Human-robot teamwork is becoming more common, especially in areas like manufacturing and healthcare. A key part of this collaboration is communication. For robots and humans to work well together, they need to clearly understand each other's intentions. One effective way for robots to communicate is through Visual Signals. These signals can grab our attention quickly and convey important information at a glance.

The challenge is that creating these visual signals often takes a lot of time and expertise. However, recent advancements in technology, particularly with Large Language Models (LLMs), open new possibilities for improving human-robot communication. LLMs can generate text and other forms of information based on vast amounts of data they have been trained on.

In this article, we will introduce a new framework called SiSCo, which stands for Signal Synthesis for Effective Human-Robot Communication. SiSCo combines the strength of LLMs with mixed-reality technology to create visual signals that can help robots and humans work together more efficiently. We will discuss how SiSCo operates, its benefits, and the results of studies that have tested its effectiveness.

The Importance of Clear Communication

In any collaborative task, clear communication is vital. When working with robots, misunderstandings can lead to errors or accidents. For example, if a robot signals that it needs assistance, the human must accurately interpret this message to provide the appropriate help. Effective communication ensures that both parties understand what the other intends to do.

Various methods exist for robots to communicate with humans, such as text, sounds, gestures, and visual signals. Visual signals are especially effective because they can convey complex information quickly. Recent advancements in affordable technology for virtual and augmented reality have increased interest in using visual forms of communication for human-robot collaboration.

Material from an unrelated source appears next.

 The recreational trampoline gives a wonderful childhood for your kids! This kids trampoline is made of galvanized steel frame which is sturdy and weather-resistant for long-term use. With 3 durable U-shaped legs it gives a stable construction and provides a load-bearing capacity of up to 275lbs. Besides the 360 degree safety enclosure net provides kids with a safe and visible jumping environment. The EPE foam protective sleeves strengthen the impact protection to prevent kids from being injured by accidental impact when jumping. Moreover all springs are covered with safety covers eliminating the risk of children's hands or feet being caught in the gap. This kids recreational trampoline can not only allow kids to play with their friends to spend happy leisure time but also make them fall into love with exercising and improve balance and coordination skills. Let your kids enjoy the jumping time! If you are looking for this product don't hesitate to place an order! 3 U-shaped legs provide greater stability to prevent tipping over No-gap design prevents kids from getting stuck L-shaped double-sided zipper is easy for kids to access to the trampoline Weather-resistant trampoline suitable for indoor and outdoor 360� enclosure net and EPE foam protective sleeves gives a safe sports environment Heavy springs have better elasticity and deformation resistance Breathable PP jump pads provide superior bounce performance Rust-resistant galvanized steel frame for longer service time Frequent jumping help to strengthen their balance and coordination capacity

Despite their advantages, creating visual signals is not easy. It usually requires specialized knowledge and resources. This complexity can hinder the use of visual communication in practical situations.

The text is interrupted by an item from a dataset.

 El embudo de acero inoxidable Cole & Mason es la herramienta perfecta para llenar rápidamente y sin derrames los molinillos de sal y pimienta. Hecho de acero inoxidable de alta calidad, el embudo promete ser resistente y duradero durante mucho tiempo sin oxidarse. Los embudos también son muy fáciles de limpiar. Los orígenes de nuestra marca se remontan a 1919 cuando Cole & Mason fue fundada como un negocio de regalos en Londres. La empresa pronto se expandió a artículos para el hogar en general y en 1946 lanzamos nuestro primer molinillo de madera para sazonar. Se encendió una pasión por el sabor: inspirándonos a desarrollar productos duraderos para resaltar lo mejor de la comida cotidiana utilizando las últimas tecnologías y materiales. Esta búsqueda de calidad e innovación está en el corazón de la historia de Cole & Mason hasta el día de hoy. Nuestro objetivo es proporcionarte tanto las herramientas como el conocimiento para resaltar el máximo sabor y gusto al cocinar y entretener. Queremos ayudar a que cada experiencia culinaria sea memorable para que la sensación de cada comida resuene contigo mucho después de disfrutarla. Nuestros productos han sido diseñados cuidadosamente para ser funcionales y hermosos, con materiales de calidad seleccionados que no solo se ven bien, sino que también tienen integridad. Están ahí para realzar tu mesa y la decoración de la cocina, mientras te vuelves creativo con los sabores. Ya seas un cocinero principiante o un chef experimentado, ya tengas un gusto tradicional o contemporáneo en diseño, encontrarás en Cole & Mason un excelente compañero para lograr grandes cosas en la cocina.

The Role of Large Language Models

Large Language Models (LLMs) have gained attention for their ability to generate coherent and contextually relevant text. They grasp the nuances of human language and can respond appropriately to a range of prompts. By utilizing large datasets from the internet, these models learn a wide variety of information, which enables them to engage in flexible and natural interactions.

Leveraging LLMs for visual communication presents an exciting opportunity. By using them to understand context and generate signals on the fly, we can potentially bridge the gap between text-based communication and visual signaling in Human-Robot Collaborations.

Introducing SiSCo

SiSCo is a novel framework designed to facilitate effective communication between humans and robots by integrating LLMs with mixed-reality technology. The main goal is to produce meaningful visual signals that help robots convey their intentions in real-time.

How SiSCo Works

SiSCo works by interpreting a task prompt and generating visual signals that a human can easily understand. When a robot encounters a problem during a task, it sends a signal through SiSCo, which synthesizes visual cues to prompt human assistance.

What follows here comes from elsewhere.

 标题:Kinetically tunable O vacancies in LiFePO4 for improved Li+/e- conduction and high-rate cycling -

These visual signals can be displayed in various ways. For example, they may be projected onto a real workspace or shown on a monitor. SiSCo can also provide verbal instructions to help the human understand the robot's needs.

The process begins by understanding the task context, gathering information about the environment, and synthesizing appropriate signals. This system allows SiSCo to adapt its communication based on real-time changes in the task and surroundings.

Advantages of SiSCo

One major advantage of SiSCo is its efficiency. By using LLMs, SiSCo can generate visual signals quickly and effectively. Research has shown that using SiSCo can significantly reduce the time it takes to complete tasks. Participants in studies reported that task completion times dropped by around 73% compared to traditional methods.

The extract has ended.